Washington, D.C. – The federalism revolution was again the focus of the Supreme Court today, as the Justices considered the constitutionality of an expansive interpretation of the Clean Water Act. The disputed interpretation purports to allow the Army Corps of Engineers to regulate even “intrastate and isolated waters” that could “be used as habitat by . . . migratory birds which cross state lines.” The Corps claims authority under the federal government’s power to regulate interstate commerce. The U.S. Court of Appeals for the Seventh Circuit accepted this argument in Solid Waste Agency of Northern Cook County v. U.S. Army Corps of Engineers, leading to today’s appeal.

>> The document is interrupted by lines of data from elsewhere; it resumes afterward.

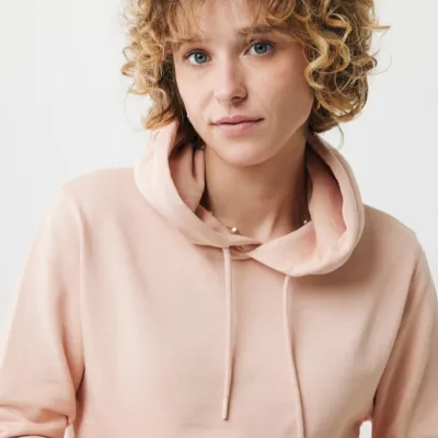 This unisex modern fit hoodie has a double-layered hood, long sleeves and 1x1 rib at cuffs and bottom hem.
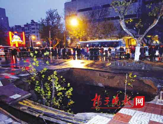 由于路面塌陷,暴露在坑口部位的煤氣管道和水管處于懸空狀態(tài),已經(jīng)“彎了腰”,為防管道扭曲引發(fā)斷裂,甚至再出現(xiàn)二次事故,地鐵施工方立即組織人員用鋼筋支撐管道。很快,一輛翻斗車(chē)運(yùn)來(lái)一斗沙包,幾十名工人將近百袋沙包填了進(jìn)去,但坑內(nèi)竟聽(tīng)不到聲音,好像“無(wú)底洞”。為了安全,幾十名工人被緊急撤出現(xiàn)場(chǎng)。大坑南側(cè)兩米遠(yuǎn)的綠化島上有一棵成年大梧桐,記者設(shè)法接近洞口進(jìn)行拍照,于是來(lái)到那棵大樹(shù)下,料想靠著它是安全的。剛拍完一張照片后,兩名救援人員立即攆走記者。5點(diǎn)49分,“轟”的一聲響,現(xiàn)場(chǎng)跟著傳出一陣驚訝聲,記者原先依靠著拍照的那棵樹(shù)掉了下去,綠化島也塌陷了一段,驚得記者出了一身冷汗:乖乖,若剛才遲走片刻,后果難料!此時(shí),現(xiàn)場(chǎng)的警察和保安嚴(yán)厲疏散圍觀(guān)人員,警戒線(xiàn)又隨著擴(kuò)大了一圈。6點(diǎn)11分,又是一聲轟響,大坑西側(cè)的一棵樹(shù)也塌陷進(jìn)坑,樹(shù)旁的一對(duì)垃圾桶也不見(jiàn)。此時(shí),警戒線(xiàn)又大了一圈,記者很快從交管部門(mén)獲悉,漢中路東向西實(shí)行全封閉,公交車(chē)、私家車(chē)全部從周邊上海路、牌樓巷等處繞行,西向東只剩下兩股車(chē)道,何時(shí)恢復(fù)要看搶修進(jìn)度。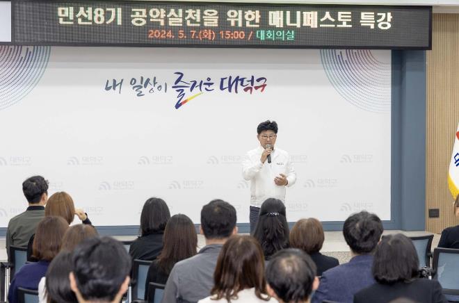 [뉴스서치] 대전 대덕구는 7일 구청 대회의실에서 민선 8기 공약을 체계적이고 성공적으로 실천하기 위한 매니페스토 특강을 개최했다.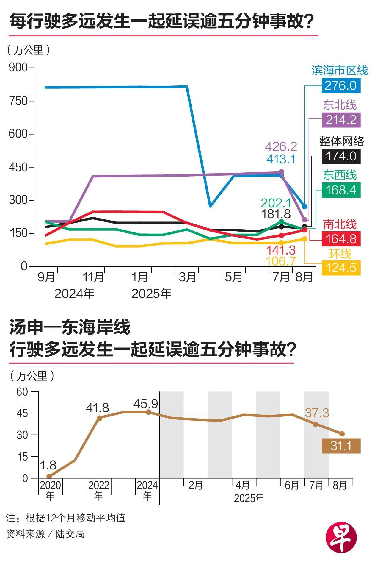 截至8月,汤东线每行驶31万1000公里发生一起延误超过五分钟的事故,不如2024年的45万9000公里,但比2020年通车第一年的1万8000公里好。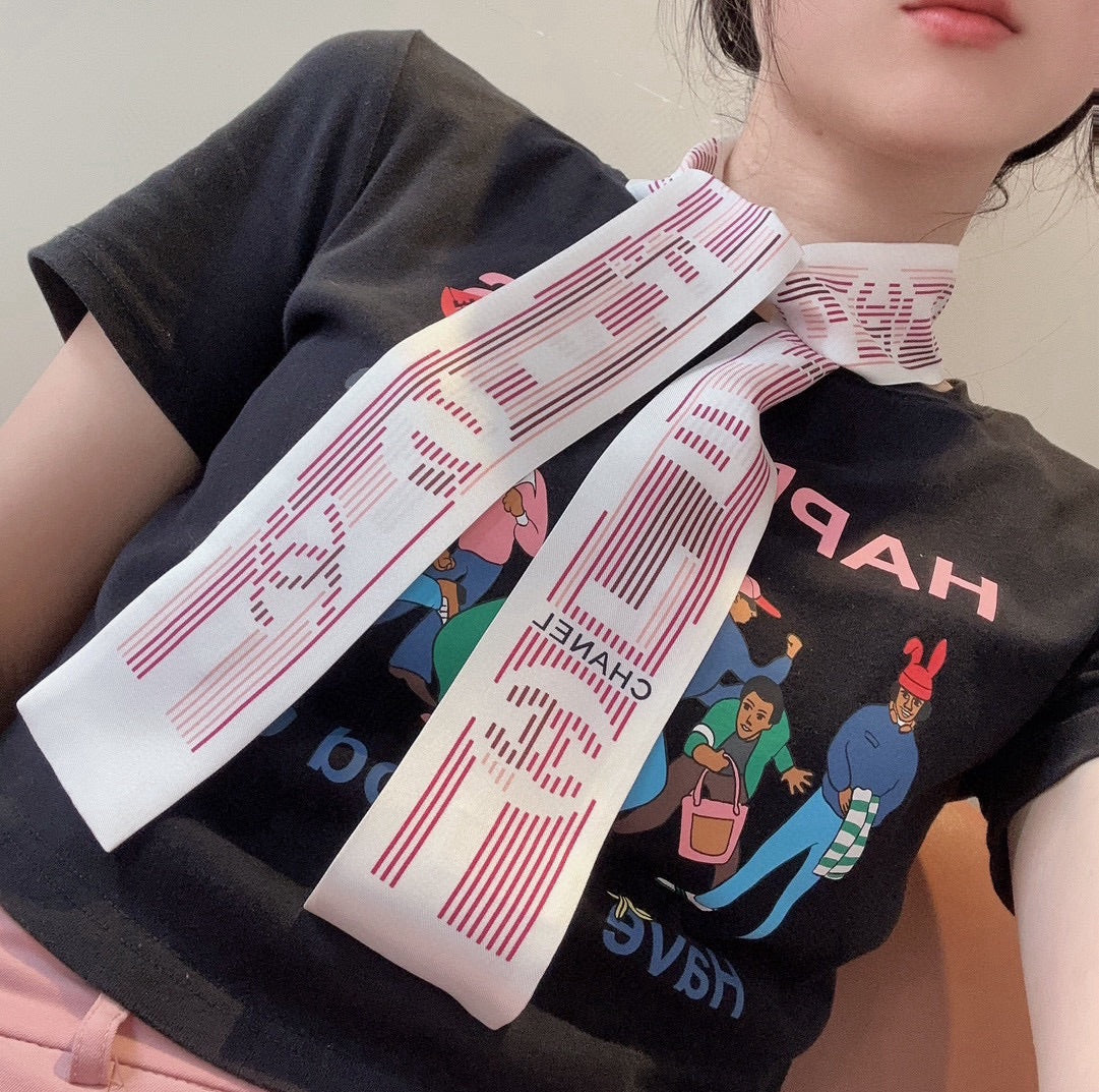 CC Slim Bandeau 120 CM In White Mix Pink Silk Twill 254682
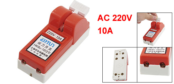 Product Name Disconnect Switch Model No. HK8-10/2 Phase Single Phase Pole 2 Rated Voltage AC 220V Rated Current 10A Mounting Hole Diameter 4.5mm/ 0.18" Mounting Hole Distance 88mm/ 3.46"(Center to Center) Overall Size(Approx) 111 x 41 x 47mm/ 4.4" x 1.6" x 1.9" (L*W*H) External Material Plastic Color Red, White Net Weight 120g Package Content 1 x Disconnect Switch - Reviews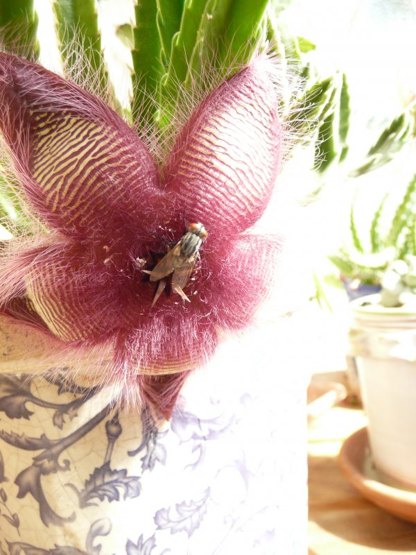 Ciao, Giulia, anche per me la prima è una Stapelia gigantea, la grandiflora ha il fiore più piccolo (si fa per dire, perché è intorno ai 20 cm) e di color rosa-viola.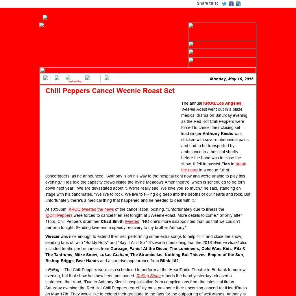At 10:30pm, KROQ tweeted the news of the cancellation, posting, "Unfortunately due to illness the @ChiliPeppers were forced to cancel their set tonight at #WeenieRoast. More details to come." Shortly after 11pm, Chili Peppers drummer Chad Smith tweeted, "NO one's more disappointed than us that we couldn't perform tonight. Sending love and a speedy recovery to my brother Anthony."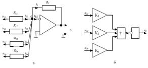 Таким образом, суммирующий усилитель выполняет математические операции усиления каждого из входных напряжений, их суммирования и ин- вертирования, что показано на рис. 1.8, б. Если выбрать сопротивления резисторов одинаковыми, то все коэффици- енты передачи (1.12) будут равны, и мы получим сумматор напряжений. Отметим особенности этой схемы: - возможность обработки сразу нескольких напряжений, причем на раз- ные входы могут подаваться напряжения различного характера (например, постоянные и переменные); - имеется возможность независимого изменения коэффициента передачи для каждого из входных напряжений; - поскольку суммирующий усилитель является разновидностью инверти- рующего усилителя, то входное сопротивление для каждого напряжения ZiВХ = R1i, поэтому при большом выходном сопротивлении источника сигнала необходимо использовать повторители напряжения, включаемые между ис- точником сигнала и соответствующим входом.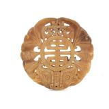 - 1506 VINTAGE CHINESE HAND CARVED BROWN JADE BI DISK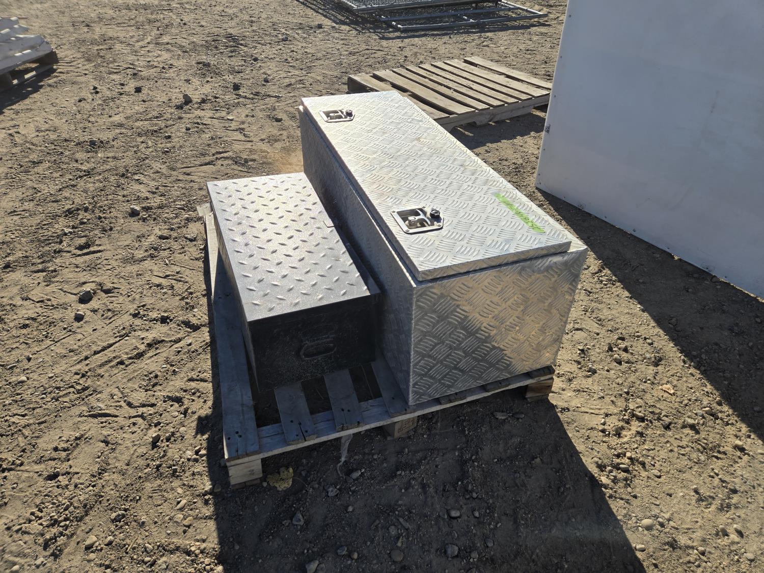 (1) aluminum 48 inch wide X 18 inch high X 17 inch deep, (1) metal 30 inch wide X 13 inch deep X 10 inch high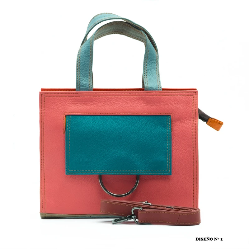 Bolso mediano de piel legítima multicolor, con diseño moderno y muy funcional. Se puede llevar con asas cortas o asa bandolera desmontable mediante mosquetones. Interior forrado con dos bolsillos, uno con cremallera. En el exterior, cuenta con bolsillo con solapa decorado con aro metálico y cierre de clip. Un bolso práctico, original y versátil para el día a día.

The Center for Individual Rights (CIR) submitted an amicus brief in the case, arguing to the Supreme Court that its holding earlier this year in U.S. v. Morrison – in which CIR successfully challenged the Violence Against Women Act’s (VAWA) civil rights remedy – governs the Solid Waste case. Morrison held that the feds cannot regulate non-economic activity under the Constitution’s Commerce Clause simply because the activity has some indirect effect on interstate commerce. Given that holding, “it would be . . . strange to suggest that Congress can regulate non-economic acts that have some long-range effect on the ability of birds or insects to travel in interstate commerce,” CIR’s brief argues. The brief notes that the Corps’ interpretation would allow it to regulate even backyard bird feeders visited by migratory birds.
CIR General Counsel Michael Rosman, who argued Morrison before the Court, noted the irony in the Corps’ reasoning today: “Women cross state lines, but that alone was not enough to make VAWA’s civil rights remedy constitutional. It makes even less sense to say that the federal government can regulate any activity that affects birds, just because they can cross state lines.”
John Fehrenbach, co-author of CIR’s amicus brief, is at Winston & Strawn in Washington, D.C.